Я нашел комнату в недорогом отеле, выпел в кафушке немного водки, поел местной несоленой и острой пищи и лег спать, размышляя, что ждет меня впереди. Я решил любыми способами двигаться дальше от первичной точки прибытия. Наутро одолела меня хандра, и я решил справиться с ней снотворным. Я купил коньяку, наелся запивая им таблеток, оделся во все белое и лег в кровать. Я не особо хотел просыпаться, тем не менее, залил клеем зевающий кроссовок и прижал его ножкой стола... Вы можете взять мне еще чаю?
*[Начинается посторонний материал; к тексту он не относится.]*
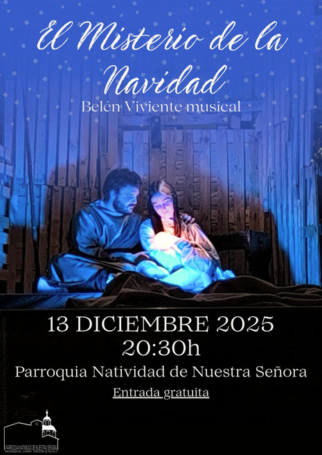 17.00 h: Inicio de pases al Belén viviente en el patio de la casa parroquial, hasta final de espera (22.30 h aprox)

Я отработаю его на сто процентов. Да, спасибо... Дальнейшее начинает выступать постепенно и как бы кусками. Я помню темноту и тишину. И в этом пространстве что-то во мне все время вставало и падало. Это было мое тело. Это я сам все время вставал и падал. Бесконечно повторяя один и те же попытки. Как будто потолок комнаты опустился до уровня плеч, а я не замечал этого все пытался встать в полный рост, без устали ударяясь головой о небо. Кварцевый зеленоватый светящийся цвет на фоне глубокой темноты. Затем был пир друзей, но чьих именно я не помню. Друзья разбрелись под утро, осталась только одна подруга. У меня гитара черного дерева, и эта подруга уселась на пол, поставив за спиной стоймя гитару, одетая вся в черное, с черным лицом вороны, с подведенными ярким фиолетом подглазьями. Я что-то говорил ей, на чем-то настаивал, она полностью игнорировала мои инсинуации, сохраняя недвижимость камня. Проходили часы. Начался день, я обозревал изуродованную комнату. Внезапно подруга поднялась и направилась в ванную, где принялась устанавливать вывороченный из стены умывальник. Опустошение царило в небольшом помещении. Да... царило опустошение. Внезапно подруга опять застывала камнем. Так продолжалось долгое время. Наконец, она ушла.
... и вот я проснулся и оглядел беспорядок вокруг себя. Я попытался выйти из комнаты, но дверь была заперта. Я опять лег спать. Проснувшись, обнаружил все в той же последовательности. Я стучал в дверь и громко звал на помощь. Кто-то услышал меня, и вскоре я встретился лицом к лицу, по которому он не замедлил ударить, с хозяином отеля. - Это мой отель! - кипел хозяин, - я не допущу, чтобы здесь происходили подобные вещи! Ты залил мне клеем пол, снес умывальник, поломал телевизор, затопил ванную, вывихнул стул. - Он выхватил у меня мой паспорт. - Ты должен мне две сотни зеленых! - от гнева его английский звучал идеально. У меня и в помине не было таких денег, в кармане штанов по старой питерской привычке лежали разменянные на местную валюту сто долларов.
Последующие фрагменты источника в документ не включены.